Work order:
Omit the pictures, then reproduce every remaining record exactly.

Records to process:
━━━━━━━━━━

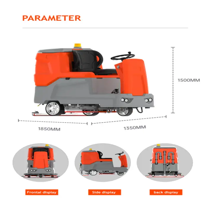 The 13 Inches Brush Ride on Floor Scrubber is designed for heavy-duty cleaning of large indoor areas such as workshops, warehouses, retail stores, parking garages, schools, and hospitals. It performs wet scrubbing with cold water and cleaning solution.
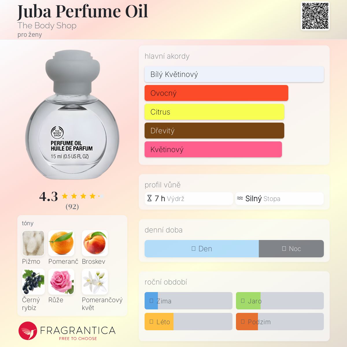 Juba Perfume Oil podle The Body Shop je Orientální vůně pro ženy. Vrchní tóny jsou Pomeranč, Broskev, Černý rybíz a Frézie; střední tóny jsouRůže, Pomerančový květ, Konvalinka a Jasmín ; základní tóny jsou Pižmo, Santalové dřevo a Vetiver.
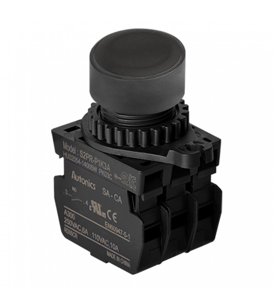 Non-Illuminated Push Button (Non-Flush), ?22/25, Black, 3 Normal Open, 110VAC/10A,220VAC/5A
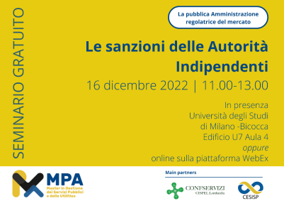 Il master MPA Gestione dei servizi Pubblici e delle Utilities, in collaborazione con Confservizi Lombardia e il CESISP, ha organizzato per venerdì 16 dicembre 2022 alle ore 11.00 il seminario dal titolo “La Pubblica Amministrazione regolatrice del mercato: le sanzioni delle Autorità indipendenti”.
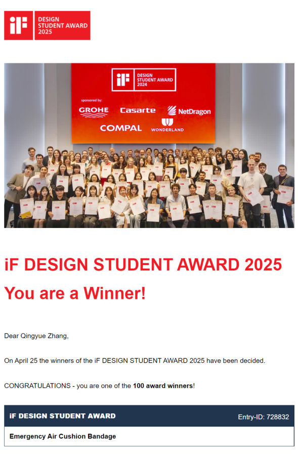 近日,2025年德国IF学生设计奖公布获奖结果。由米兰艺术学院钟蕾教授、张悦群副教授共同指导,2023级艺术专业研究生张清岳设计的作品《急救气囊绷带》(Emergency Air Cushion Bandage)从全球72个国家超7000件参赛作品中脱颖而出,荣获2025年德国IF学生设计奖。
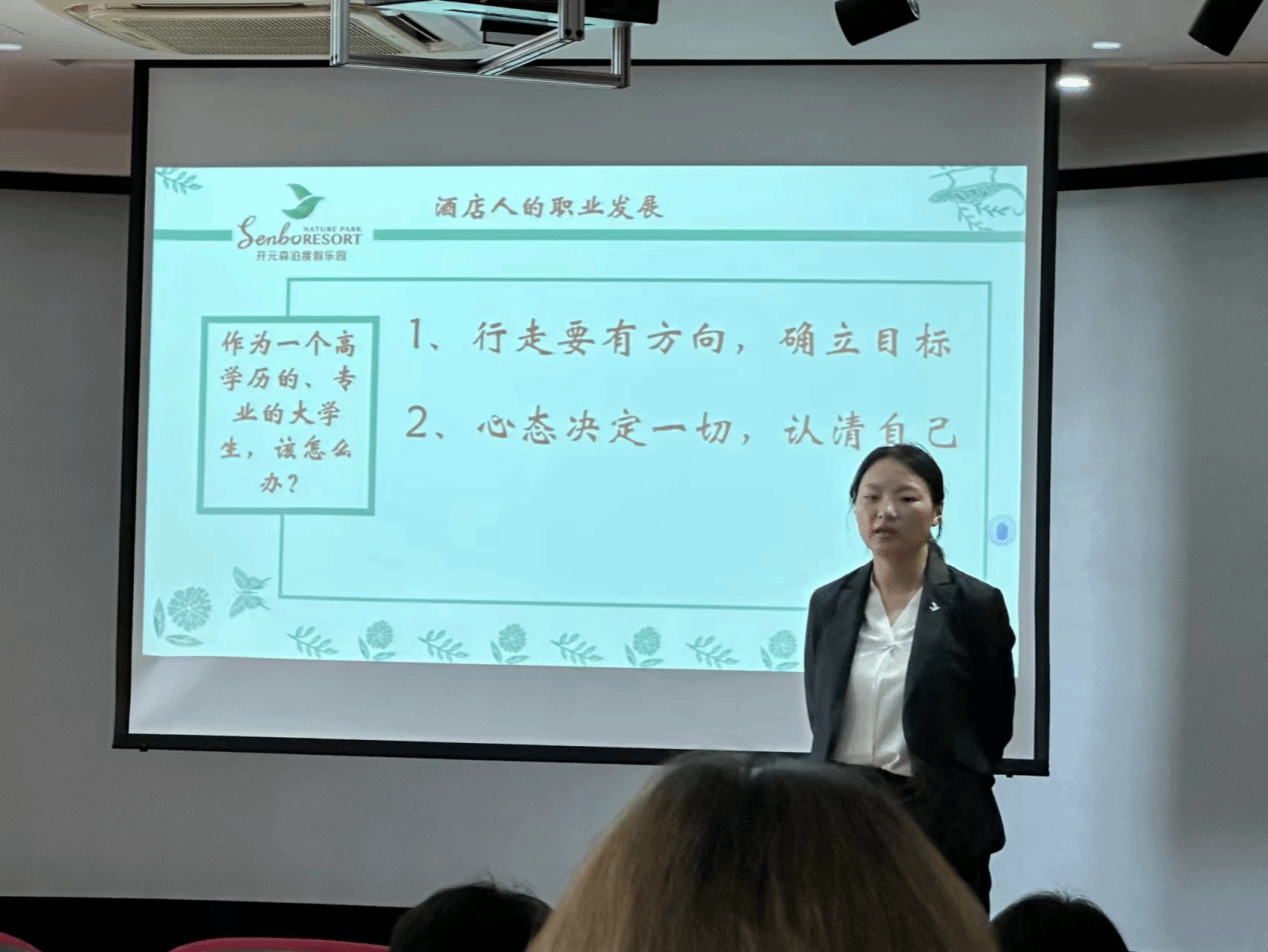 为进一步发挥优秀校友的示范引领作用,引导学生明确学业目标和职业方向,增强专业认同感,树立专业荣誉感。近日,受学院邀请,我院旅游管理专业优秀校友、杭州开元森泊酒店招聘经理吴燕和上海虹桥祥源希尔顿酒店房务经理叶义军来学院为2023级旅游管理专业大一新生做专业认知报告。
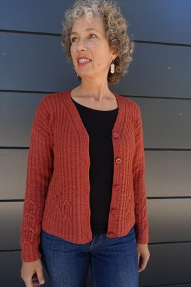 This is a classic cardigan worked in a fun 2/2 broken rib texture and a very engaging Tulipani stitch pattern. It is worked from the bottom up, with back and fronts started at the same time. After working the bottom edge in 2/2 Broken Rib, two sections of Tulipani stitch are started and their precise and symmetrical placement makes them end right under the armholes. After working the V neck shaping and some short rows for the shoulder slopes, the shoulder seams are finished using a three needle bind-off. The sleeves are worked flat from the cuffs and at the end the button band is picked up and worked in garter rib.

━━━━━━━━━━

Solved problem:
 The 13 Inches Brush Ride on Floor Scrubber is designed for heavy-duty cleaning of large indoor areas such as workshops, warehouses, retail stores, parking garages, schools, and hospitals. It performs wet scrubbing with cold water and cleaning solution.
 Juba Perfume Oil podle The Body Shop je Orientální vůně pro ženy. Vrchní tóny jsou Pomeranč, Broskev, Černý rybíz a Frézie; střední tóny jsouRůže, Pomerančový květ, Konvalinka a Jasmín ; základní tóny jsou Pižmo, Santalové dřevo a Vetiver.
 Non-Illuminated Push Button (Non-Flush), ?22/25, Black, 3 Normal Open, 110VAC/10A,220VAC/5A
 Il master MPA Gestione dei servizi Pubblici e delle Utilities, in collaborazione con Confservizi Lombardia e il CESISP, ha organizzato per venerdì 16 dicembre 2022 alle ore 11.00 il seminario dal titolo “La Pubblica Amministrazione regolatrice del mercato: le sanzioni delle Autorità indipendenti”.
 近日,2025年德国IF学生设计奖公布获奖结果。由米兰艺术学院钟蕾教授、张悦群副教授共同指导,2023级艺术专业研究生张清岳设计的作品《急救气囊绷带》(Emergency Air Cushion Bandage)从全球72个国家超7000件参赛作品中脱颖而出,荣获2025年德国IF学生设计奖。
 为进一步发挥优秀校友的示范引领作用,引导学生明确学业目标和职业方向,增强专业认同感,树立专业荣誉感。近日,受学院邀请,我院旅游管理专业优秀校友、杭州开元森泊酒店招聘经理吴燕和上海虹桥祥源希尔顿酒店房务经理叶义军来学院为2023级旅游管理专业大一新生做专业认知报告。
 This is a classic cardigan worked in a fun 2/2 broken rib texture and a very engaging Tulipani stitch pattern. It is worked from the bottom up, with back and fronts started at the same time. After working the bottom edge in 2/2 Broken Rib, two sections of Tulipani stitch are started and their precise and symmetrical placement makes them end right under the armholes. After working the V neck shaping and some short rows for the shoulder slopes, the shoulder seams are finished using a three needle bind-off. The sleeves are worked flat from the cuffs and at the end the button band is picked up and worked in garter rib.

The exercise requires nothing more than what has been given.